## Your assignment
What you give back must match the data exactly, minus the pictures.

## Dataset section
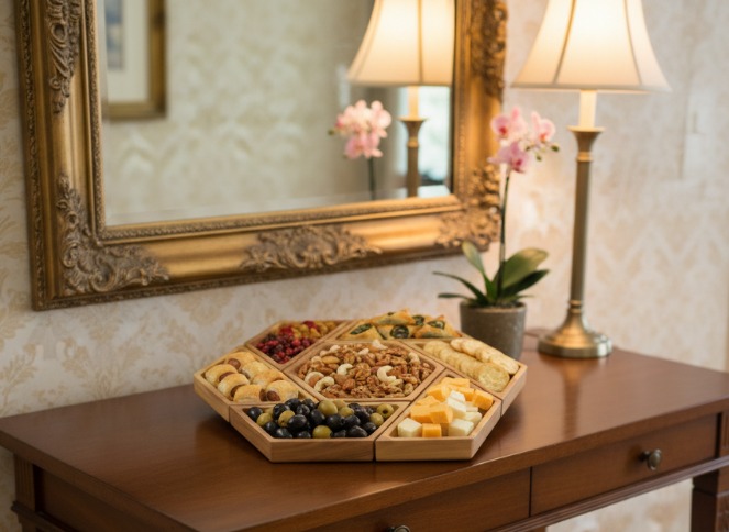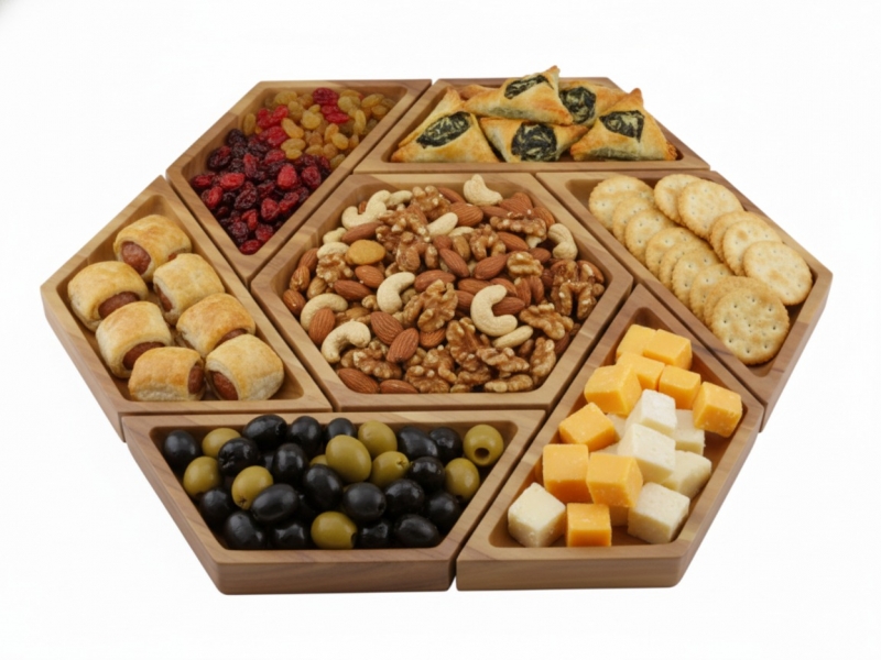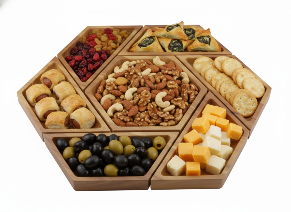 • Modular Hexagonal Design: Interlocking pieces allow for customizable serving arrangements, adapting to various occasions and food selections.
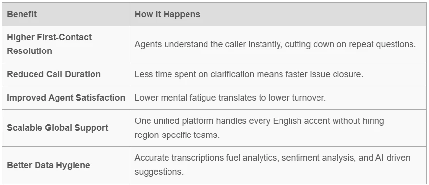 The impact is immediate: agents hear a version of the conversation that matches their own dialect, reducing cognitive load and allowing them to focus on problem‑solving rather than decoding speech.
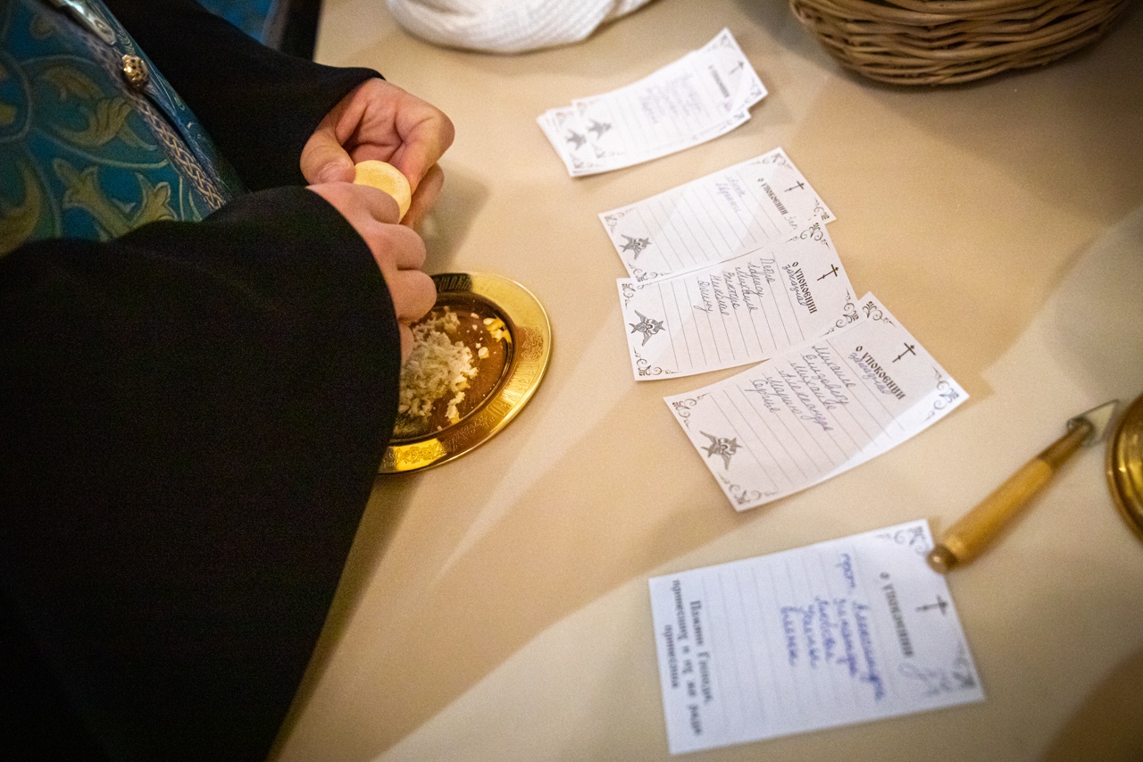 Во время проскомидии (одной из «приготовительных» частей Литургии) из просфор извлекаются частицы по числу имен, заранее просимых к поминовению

## Solution for this exercise
 • Modular Hexagonal Design: Interlocking pieces allow for customizable serving arrangements, adapting to various occasions and food selections.
 The impact is immediate: agents hear a version of the conversation that matches their own dialect, reducing cognitive load and allowing them to focus on problem‑solving rather than decoding speech.
 Во время проскомидии (одной из «приготовительных» частей Литургии) из просфор извлекаются частицы по числу имен, заранее просимых к поминовению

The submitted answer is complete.